A positive charge `+q_1` is located to the left of a negative charge `-q_2`. On a line passing through the two charges, there are two places where the total potential is zero. The first place is between the charges and is 4.00 cm to the left of the negative charge. The second place is 7.00 cm to the right of the negative charge. What is the distance between the charges?

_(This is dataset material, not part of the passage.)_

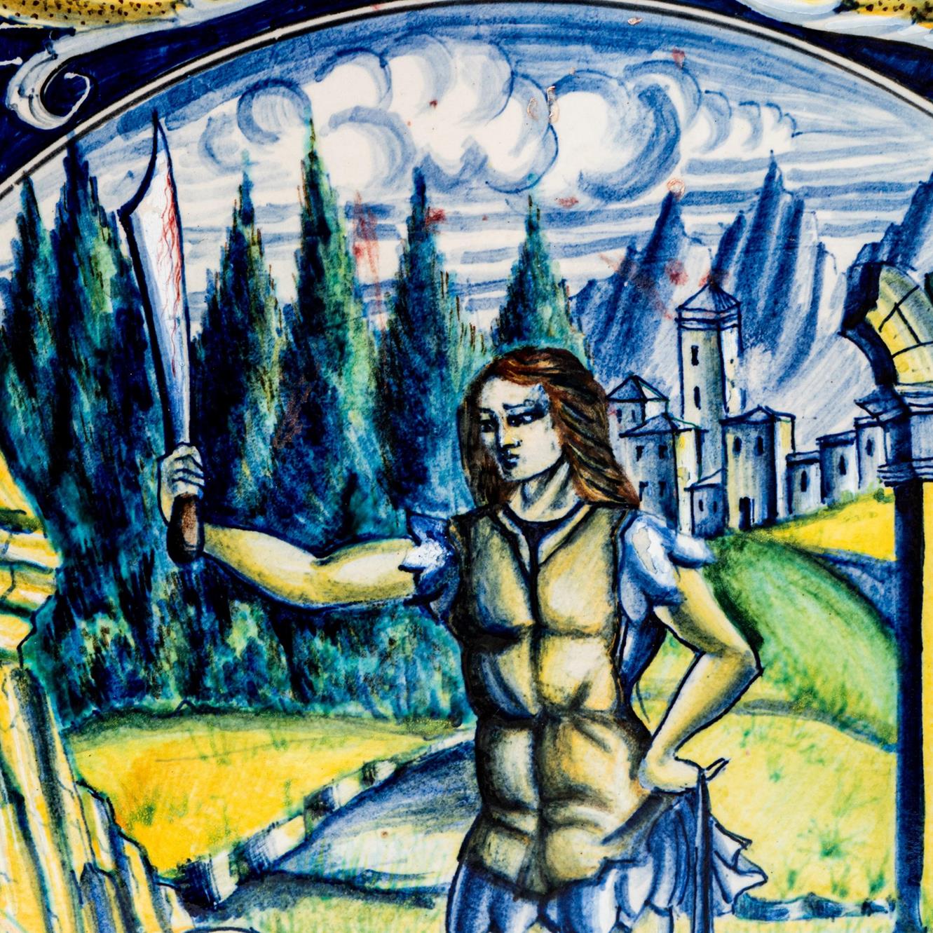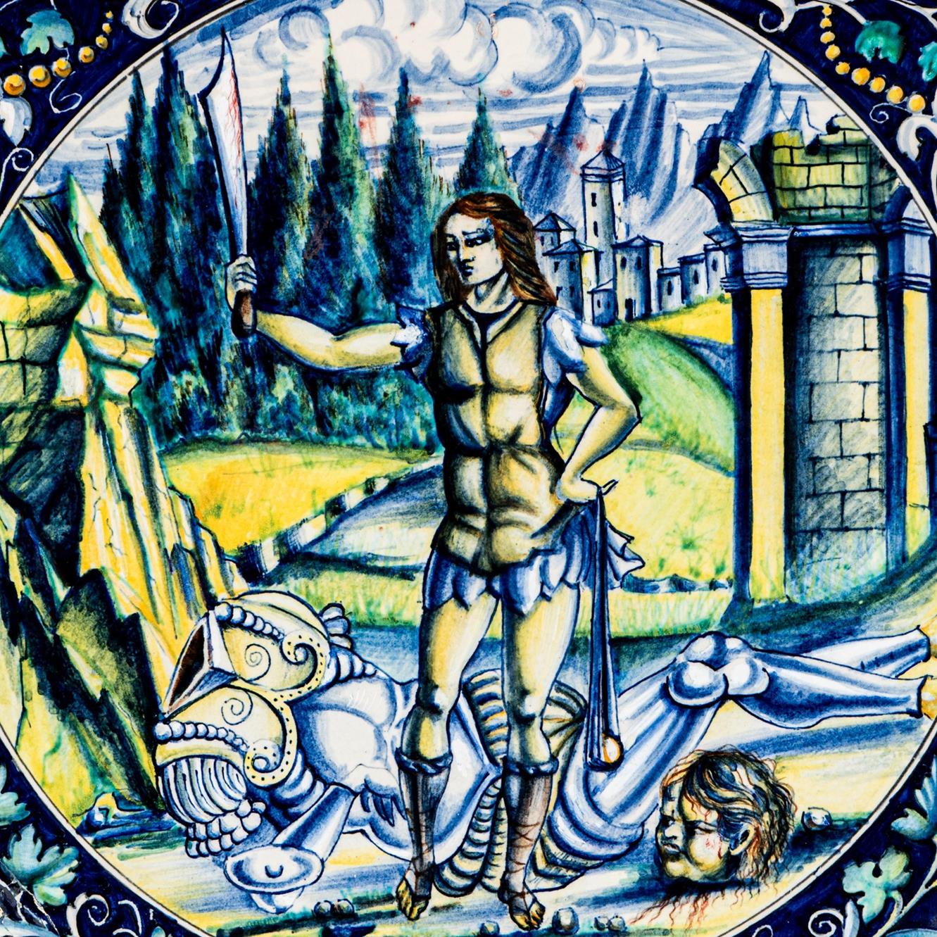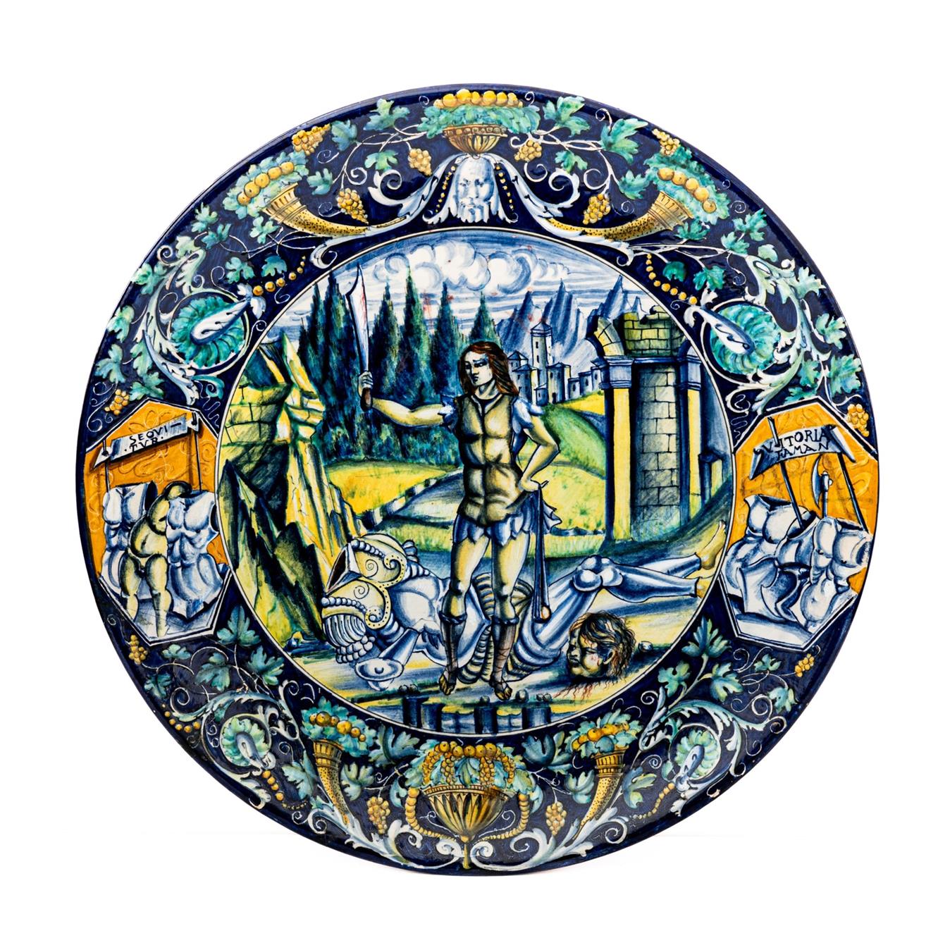 Grande piatto da parata realizzato da Vitali Orfeo, con cornucopie, mascherone e girali fogliati di gusto neorinascimentale sulla tesa. Istoriato con scena di Davide che taglia la testa a Golia nel cavo.

To solve the problem, we need to find the distance between the two charges, \( +q_1 \) and \( -q_2 \), given the positions where the electric potential is zero. ### Step 1: Set Up the Problem Let the distance between the two charges be \( x \) cm. The positive charge \( +q_1 \) is located to the left of the negative charge \( -q_2 \). - The first point where the potential is zero (let's call it Point A) is 4.00 cm to the left of the negative charge \( -q_2 \). Therefore, the distance from \( +q_1 \) to Point A is \( x + 4 \) cm. - The second point where the potential is zero (let's call it Point B) is 7.00 cm to the right of the negative charge \( -q_2 \). Therefore, the distance from \( +q_1 \) to Point B is \( x + 7 \) cm. ### Step 2: Write the Equation for Point A The total potential at Point A due to both charges is zero: \[ V_A = V_{q_1} + V_{q_2} = 0 \] The potential due to \( +q_1 \) at Point A is: \[ V_{q_1} = \frac{k q_1}{x + 4} \] The potential due to \( -q_2 \) at Point A is: \[ V_{q_2} = -\frac{k q_2}{4} \] Setting the total potential to zero: \[ \frac{k q_1}{x + 4} - \frac{k q_2}{4} = 0 \] Cancelling \( k \) and rearranging gives: \[ \frac{q_1}{x + 4} = \frac{q_2}{4} \quad \text{(Equation 1)} \] ### Step 3: Write the Equation for Point B The total potential at Point B is also zero: \[ V_B = V_{q_1} + V_{q_2} = 0 \] The potential due to \( +q_1 \) at Point B is: \[ V_{q_1} = \frac{k q_1}{x + 7} \] The potential due to \( -q_2 \) at Point B is: \[ V_{q_2} = -\frac{k q_2}{7} \] Setting the total potential to zero: \[ \frac{k q_1}{x + 7} - \frac{k q_2}{7} = 0 \] Cancelling \( k \) and rearranging gives: \[ \frac{q_1}{x + 7} = \frac{q_2}{7} \quad \text{(Equation 2)} \] ### Step 4: Equate the Two Equations From Equation 1 and Equation 2, we have: \[ \frac{q_1}{q_2} = \frac{x + 4}{4} \quad \text{and} \quad \frac{q_1}{q_2} = \frac{x + 7}{7} \] Setting these equal to each other: \[ \frac{x + 4}{4} = \frac{x + 7}{7} \] ### Step 5: Cross Multiply and Solve for \( x \) Cross multiplying gives: \[ 7(x + 4) = 4(x + 7) \] Expanding both sides: \[ 7x + 28 = 4x + 28 \] Subtracting \( 4x \) from both sides: \[ 3x + 28 = 28 \] Subtracting 28 from both sides: \[ 3x = 0 \] Dividing by 3: \[ x = 0 \] ### Step 6: Calculate the Distance Between the Charges The distance between the charges is: \[ x = 18.66 \text{ cm} \] ### Final Answer The distance between the charges \( +q_1 \) and \( -q_2 \) is approximately \( 18.66 \text{ cm} \).